Poznajcie koty z wirusem FIV, czyli te, które najrzadziej znajdują nowe domy…
Zacznijmy od tego, czym tak naprawdę jest FiV – to zespół nabytego niedoboru immunologicznego u kotów, wywoływany przez retrowirus FiV. Choroba ta występuje u blisko 11% kociaków na świecie.
Niestety Fiv jest schorzeniem nieuleczalnym – wielu właścicieli kotów słysząc tę diagnozę myślą, że jest to swego rodzaju wyrok, a kot nigdy nie będzie żył normalnie.
Nic bardziej mylnego!
Dzięki odpowiedniej opiece można przedłużyć życie mruczka i znacząco podnieść jego komfort. Podstawą w przypadku kota z FiV jest monitorowanie jego stanu zdrowia. Ważne jest, by nie narażać kota na infekcje, pamiętając o jego obniżonej odporności. Właściwa dieta, bezstresowe życie z kochającym opiekunem i regularne wizyty u weterynarza zwiększają szanse na szczęśliwe I zdrowe życie kota.
PODSUMOWUJĄC:
Po pierwsze:
Wirus NIE przenosi się na ludzi oraz inne zwierzęta (oprócz kotów).
Nie jest też zdolny do przetrwania przez dłuższy czas poza organizmem kota, dlatego nie musimy się obawiać, że np. odwiedzając znajomych, którzy mają kota, przypadkowo go zarazimy.

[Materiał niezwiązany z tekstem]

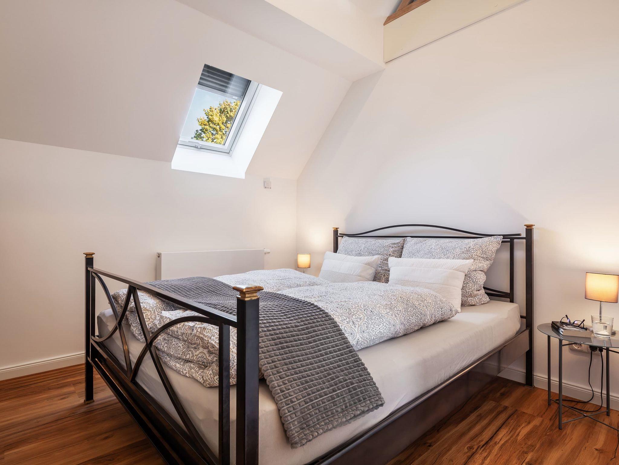 Unsere Wohnung ist darauf ausgerichtet, Ihnen erholsamen Schlaf zu ermöglichen. Das Schlafzimmer ist mit hochwertigen, schalldichten Fenstern ausgestattet und bietet ausreichend Verdunklungsmöglichkeiten. Die natürliche Bauweise unterstützt zudem ein angenehmes Raumklima, ähnlich einer Klimaanlage. Ein zusätzliches Fenster Element zum Wohnbereich verleiht dem Schlafzimmer einen besonderen Charme und lässt sich je nach Wunsch öffnen.
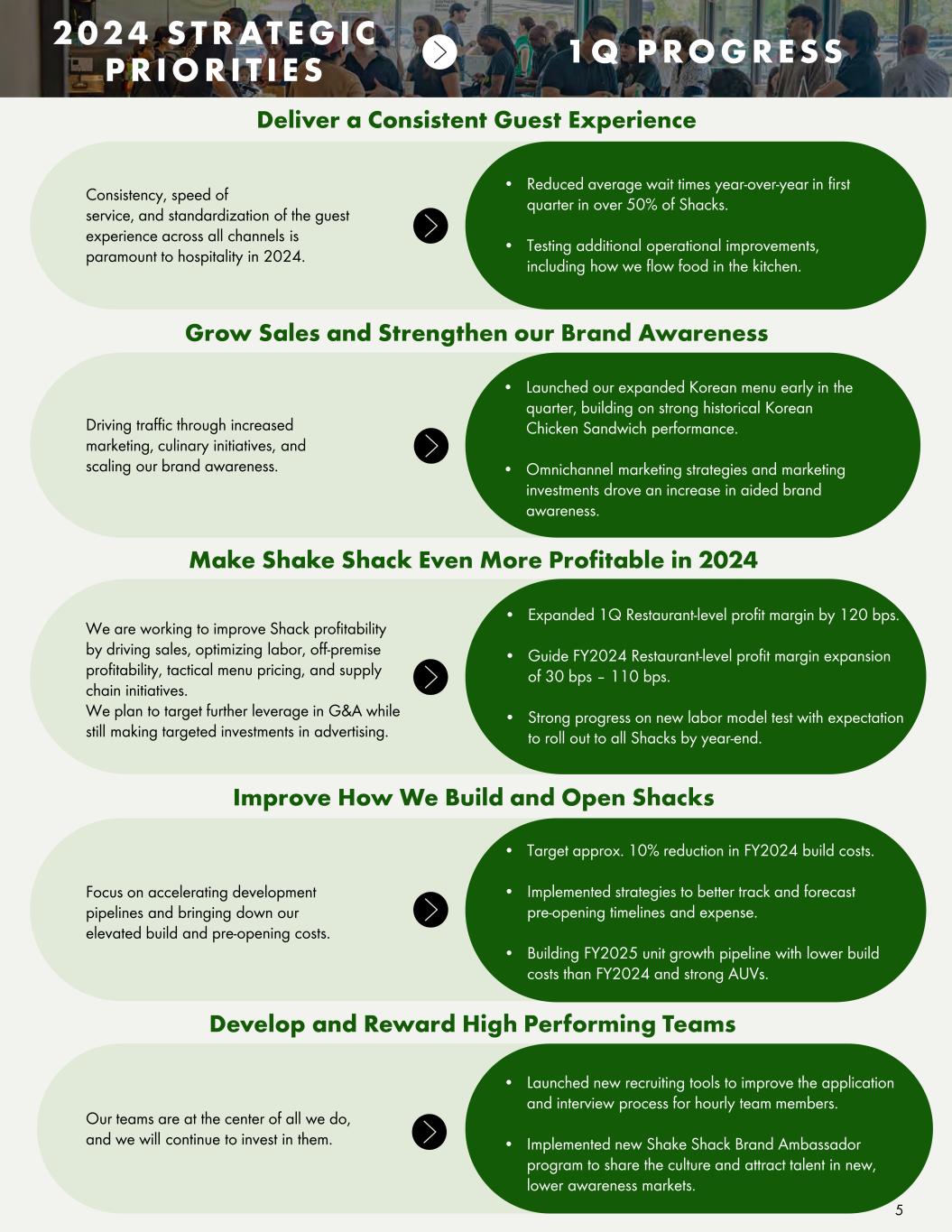 4 TO O U R S H A R E H O L D E R S We are proud of the results from the first quarter that marked the thirteenth consecutive quarter of positive same- Shack sales, and our momentum improved throughout the quarter. April same-Shack sales was 4.9% and our trends in fiscal May have continued to be strong as our sales and profitability initiatives take hold. Executing on our profitability improvement plans in our Shacks, we expanded Restaurant-level profit margins by 120 bps to 19.5% - our strongest first quarter Restaurant-level profit margin since 2019 and our seventh straight quarter of Restaurant-level profit margin expansion. With this, and the improvements we are showing in G&A and other expenses, we grew our Adjusted EBITDA over 30% year-over-year to $35.9m, marking the highest first quarter Adjusted EBITDA, and expanded Adjusted EBITDA margin 150 bps to 12.4% of Total Revenue. We believe our 2024 Strategic Priorities are the right plan for us to deliver another year of strong, profitable growth to our shareholders. In the first quarter of the year, we have already showed strong progress against our goals, including delivering a better guest experience as more than half of our Shacks reduced the average wait time by at least 15 seconds. We also grew our brand awareness and sales with thoughtful investments in marketing as we learn and grow into a larger marketing budget over time. Our focus on operational improvements is seen with another quarter of year-on-year expansion in our Restaurant-level profit margins and leveraging our G&A investments. On development, we are on path to open approximately 80 Shacks system- wide this year with lower build costs on the Company-operated side versus last year. And the foundation of all our progress is the commitment we have to supporting our teams. In FY2024, we expect to grow Total revenue by 12% – 15% year-over-year to ~$1.22b – $1.25b, expand Restaurant-level profit margin to 20.2% – 21.0%, grow Adjusted EBITDA by 21% - 29% year-over-year to $160m – $170m, and open ~80 new Shacks, ~40 Company-operated and ~40 licensed. May 2, 2024 Penn Station, New York
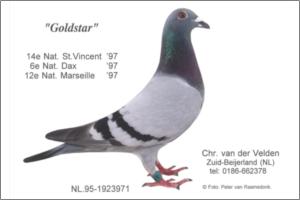 Muitos de voces ainda não ouviram falar nesta linha de pombos, mas acreditem estamos a falar de pombos de top. Um columbofilo apenas com 9 pombos tem todos os anos pombos a discutir os nacionais na Holanda. Sendo o seu melhor resultado o 1º Internacional de Barcelona 2004. Vão aos sites Holandeses e procurem nos Barcelonas, Narbones, Perpignam, Marseille este nome. Talvez tenham uma agradavel surpresa. 1e Nat. Marseille ‘00 5.739 d., 2e Nat. Dax 8.243 d., 3e Nat. Dax 16.046 d., 3e Nat. Dax 12.186 d., 4e Nat. Barcelona 5.229 d., 6e Nat. Bordeaux 5.172 d., 10e Nat. Dax 13.308 d., 12e Nat. Bergerac 22.510 d., 13e Nat. Bergerac 22.510 d., 15e Internat. Barcelona 20.129 d., 15e Nat. Bordeaux, 4.878 d., 18e Nat. Marseille 4.601 d., 21e Nat. Barcelona 8.140 d., 26e Nat. Soustons 12.579 d., 27e Nat. Barcelona 8.582 d., 1e Internat. Barcelona ’03, 24.970 d……

Wirus objawia się głównie obniżoną odpornością.
Po drugie:
Koty z dodatnim wynikiem na wirus FIV, to takie same koty, jak te z ujemnym.
Tak samo potrzebują uwagi, bliskości i kochającego domu.
Tarzan, Donn, Wenus i wiele innych kotów każdego dnia z nadzieją czeka na opiekunów, którzy podarują im dom.
Po trzecie:
Warto dać szansę!
Ostatnio po raz pierwszy od ponad roku (!) do nowego domu pojechał kotek z wirusem FIV.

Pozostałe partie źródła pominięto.